_Exercise instructions_
An image-free, word-for-word version of the records below is to be returned.

_Dataset records_
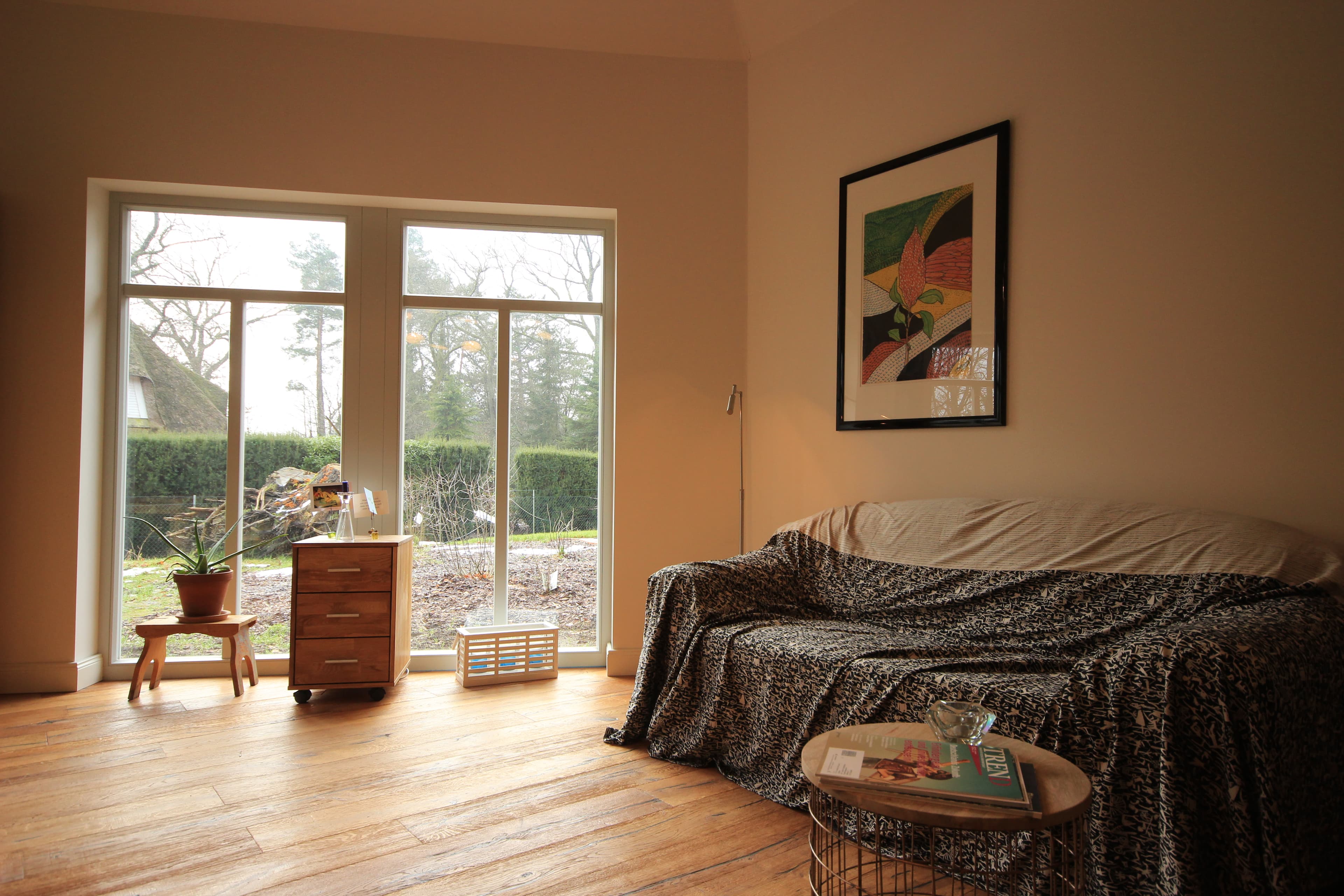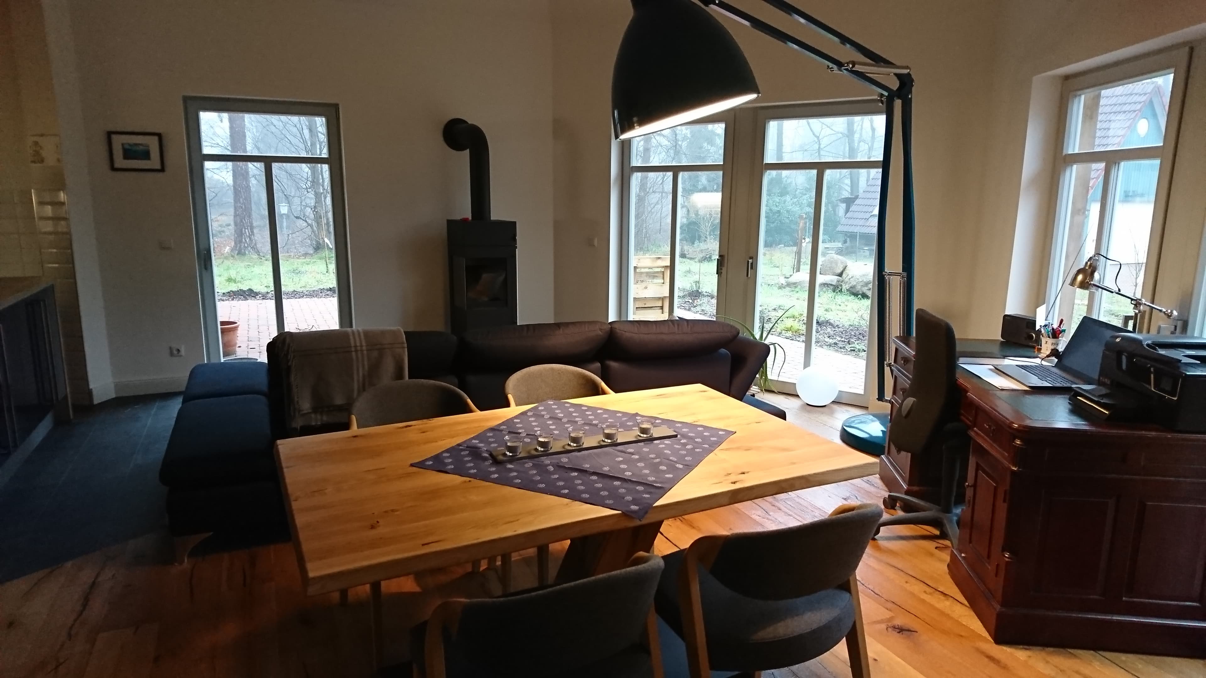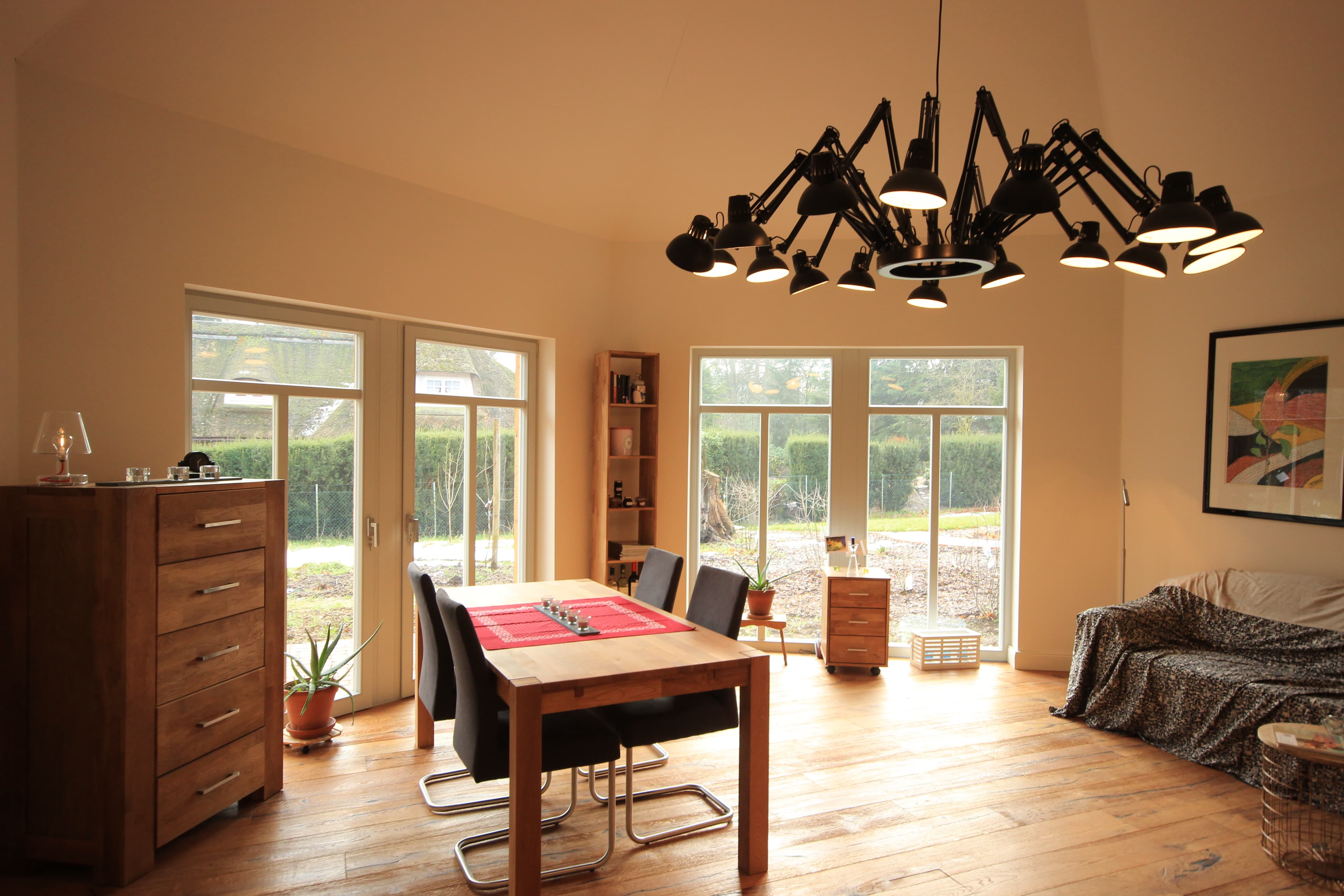 ... die mit Erdwärme betriebene Fußbodenheizung, die Auswahl schöner Materialien (z.B. das Eichenparkett, die Holzfenster, das weiche Leder der Wohnzimmersofas, die kuscheligen Wolldecken, die zarte Bettwäsche, das schöne, schlichte Rosenthal-Geschirr, die in Handarbeit im Harz hergestellten Blaudruck-Tischdecken etc.) und Designs (z.B. die Wohnzimmer-Deckenlampe in Form einer Artischocke von einem spanischen Designer).
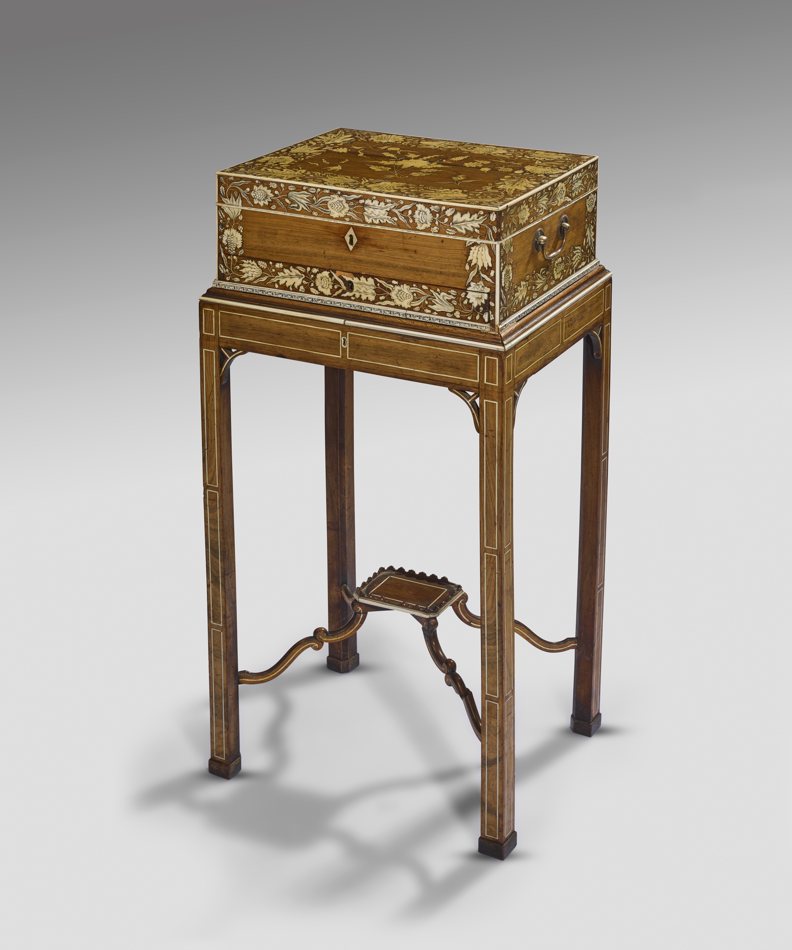 the box inlaid overall with bands of lac decorated with flowers and leaves, the hinged lid revealing a fitted interior with four lidded compartments, open divisions and a central pink silk lined pin cushion with hinged cover, revealing three long divisions, with silver side carrying handles, above a base drawer, on a Chippendale style stand, inlaid with ivory stringing
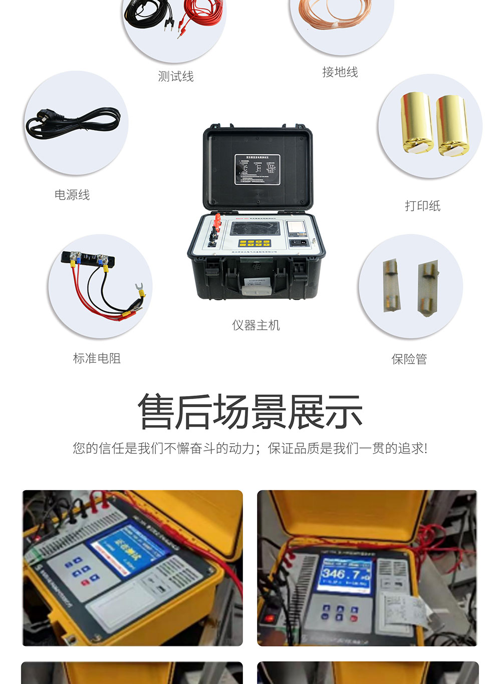 直流電阻的測量是變壓器、互感器、電抗器、電磁操作機構等感性線圈制造中半成品、成品出廠試驗、安裝、交接試驗及電力部門預防性試驗的必測項目,能有效發現感性線圈的選材、焊接、連接部位松動、缺股、斷線等制造缺陷和運行后存在的隱患。為了滿足感性線圈直流電阻快速測量的需要,我公司利用自身技術優勢研制了直流電阻測試儀。該儀器采用全新電源技術,具有體積小、重量輕、測試量程寬、抗干擾能力強、保護功能完善、大屏彩色液晶顯示等特點。整機由單片機控制,自動完成自檢、數據處理,具有自動放電和放電指示功能。儀器測試精度高,操作簡便,可實現直阻的快速測量。
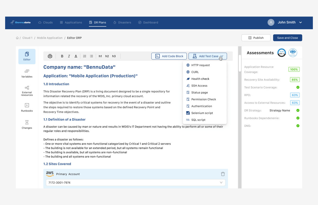 In addition to changing the game for the DR solution, the Bennudata Disaster Recovery Automation for Cloud Applications significantly improves the DR plan and script generation and update capabilities to easily and quickly generate the plans and scripts. Additionally, the solution ensures that the plans, scripts, and associated documentation are always up-to-date.
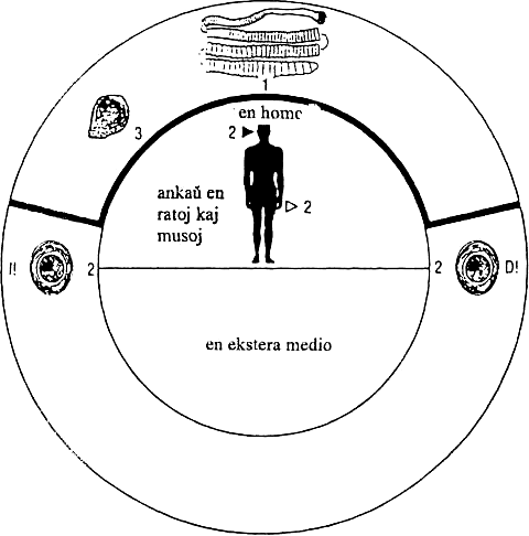 Bildo 3 Himenolepido nana (Hymenolepis nana): Plenkreska cestodo vivas en homa intesto. Per fekaĵo eligita ovo (2) estas senpere infekta por la homo mem pro enhavanta onkosfero (2), kiu pluevoluas en la intestokanalo histo al cisticerkoido (3) kaj disvolviĝas al adolto (1). |

_Answer to this exercise_
 ... die mit Erdwärme betriebene Fußbodenheizung, die Auswahl schöner Materialien (z.B. das Eichenparkett, die Holzfenster, das weiche Leder der Wohnzimmersofas, die kuscheligen Wolldecken, die zarte Bettwäsche, das schöne, schlichte Rosenthal-Geschirr, die in Handarbeit im Harz hergestellten Blaudruck-Tischdecken etc.) und Designs (z.B. die Wohnzimmer-Deckenlampe in Form einer Artischocke von einem spanischen Designer).
 the box inlaid overall with bands of lac decorated with flowers and leaves, the hinged lid revealing a fitted interior with four lidded compartments, open divisions and a central pink silk lined pin cushion with hinged cover, revealing three long divisions, with silver side carrying handles, above a base drawer, on a Chippendale style stand, inlaid with ivory stringing
 直流電阻的測量是變壓器、互感器、電抗器、電磁操作機構等感性線圈制造中半成品、成品出廠試驗、安裝、交接試驗及電力部門預防性試驗的必測項目,能有效發現感性線圈的選材、焊接、連接部位松動、缺股、斷線等制造缺陷和運行后存在的隱患。為了滿足感性線圈直流電阻快速測量的需要,我公司利用自身技術優勢研制了直流電阻測試儀。該儀器采用全新電源技術,具有體積小、重量輕、測試量程寬、抗干擾能力強、保護功能完善、大屏彩色液晶顯示等特點。整機由單片機控制,自動完成自檢、數據處理,具有自動放電和放電指示功能。儀器測試精度高,操作簡便,可實現直阻的快速測量。
 In addition to changing the game for the DR solution, the Bennudata Disaster Recovery Automation for Cloud Applications significantly improves the DR plan and script generation and update capabilities to easily and quickly generate the plans and scripts. Additionally, the solution ensures that the plans, scripts, and associated documentation are always up-to-date.
 Bildo 3 Himenolepido nana (Hymenolepis nana): Plenkreska cestodo vivas en homa intesto. Per fekaĵo eligita ovo (2) estas senpere infekta por la homo mem pro enhavanta onkosfero (2), kiu pluevoluas en la intestokanalo histo al cisticerkoido (3) kaj disvolviĝas al adolto (1). |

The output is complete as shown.